**What is needed:** Reproduce exactly, from the data that follows, the line with "刘主席强调,未来我们的工作将", the line with "Şekil 2. Olgunluk", and every line that lies between them.

'''

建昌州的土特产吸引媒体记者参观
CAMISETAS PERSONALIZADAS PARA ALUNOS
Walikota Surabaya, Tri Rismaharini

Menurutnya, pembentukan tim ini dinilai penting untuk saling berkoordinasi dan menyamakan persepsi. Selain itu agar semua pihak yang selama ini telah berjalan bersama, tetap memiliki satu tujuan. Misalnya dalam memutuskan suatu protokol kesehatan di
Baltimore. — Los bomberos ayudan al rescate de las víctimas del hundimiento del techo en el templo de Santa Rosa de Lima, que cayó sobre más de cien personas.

'''
'''

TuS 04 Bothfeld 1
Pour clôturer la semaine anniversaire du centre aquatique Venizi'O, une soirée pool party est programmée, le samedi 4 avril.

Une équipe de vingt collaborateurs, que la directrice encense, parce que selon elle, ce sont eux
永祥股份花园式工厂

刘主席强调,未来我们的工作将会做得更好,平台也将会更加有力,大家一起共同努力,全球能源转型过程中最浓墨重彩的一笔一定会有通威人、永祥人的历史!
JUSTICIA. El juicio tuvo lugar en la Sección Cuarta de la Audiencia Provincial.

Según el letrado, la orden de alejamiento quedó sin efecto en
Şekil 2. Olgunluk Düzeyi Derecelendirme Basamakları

'''

**Worked solution:**
刘主席强调,未来我们的工作将会做得更好,平台也将会更加有力,大家一起共同努力,全球能源转型过程中最浓墨重彩的一笔一定会有通威人、永祥人的历史!
JUSTICIA. El juicio tuvo lugar en la Sección Cuarta de la Audiencia Provincial.

Según el letrado, la orden de alejamiento quedó sin efecto en
Şekil 2. Olgunluk Düzeyi Derecelendirme Basamakları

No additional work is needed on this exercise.